Stored data:
* * * * * * * * *

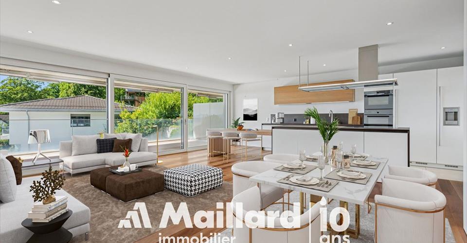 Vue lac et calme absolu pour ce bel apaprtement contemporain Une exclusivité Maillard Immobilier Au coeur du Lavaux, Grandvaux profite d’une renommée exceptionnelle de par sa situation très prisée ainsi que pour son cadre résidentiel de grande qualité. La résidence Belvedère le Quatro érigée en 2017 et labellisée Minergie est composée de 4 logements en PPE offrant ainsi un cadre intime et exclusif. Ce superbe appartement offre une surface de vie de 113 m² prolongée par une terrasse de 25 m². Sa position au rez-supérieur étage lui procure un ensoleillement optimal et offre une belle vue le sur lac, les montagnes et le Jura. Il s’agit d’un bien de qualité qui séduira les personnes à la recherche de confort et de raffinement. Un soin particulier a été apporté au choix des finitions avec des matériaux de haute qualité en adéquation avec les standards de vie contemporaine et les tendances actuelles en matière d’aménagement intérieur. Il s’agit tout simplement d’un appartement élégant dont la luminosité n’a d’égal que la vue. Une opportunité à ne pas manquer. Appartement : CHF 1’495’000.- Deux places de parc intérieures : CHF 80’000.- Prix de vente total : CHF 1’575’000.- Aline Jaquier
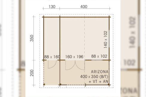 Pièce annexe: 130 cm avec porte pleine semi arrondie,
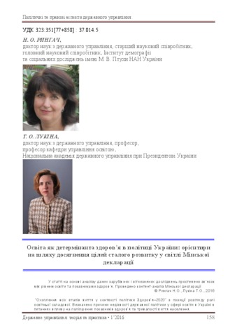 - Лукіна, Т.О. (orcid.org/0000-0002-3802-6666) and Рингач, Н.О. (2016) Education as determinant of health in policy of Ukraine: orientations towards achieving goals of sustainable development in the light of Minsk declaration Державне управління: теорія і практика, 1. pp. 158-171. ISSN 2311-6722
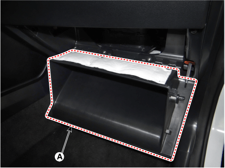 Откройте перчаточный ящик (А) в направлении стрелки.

* * * * * * * * *

Work order: All lines from the one containing "Pièce annexe: 130" to the last line of the data above, both included, should be printed exactly, and the pictures should not appear.

Result:
 Pièce annexe: 130 cm avec porte pleine semi arrondie,
 - Лукіна, Т.О. (orcid.org/0000-0002-3802-6666) and Рингач, Н.О. (2016) Education as determinant of health in policy of Ukraine: orientations towards achieving goals of sustainable development in the light of Minsk declaration Державне управління: теорія і практика, 1. pp. 158-171. ISSN 2311-6722
 Откройте перчаточный ящик (А) в направлении стрелки.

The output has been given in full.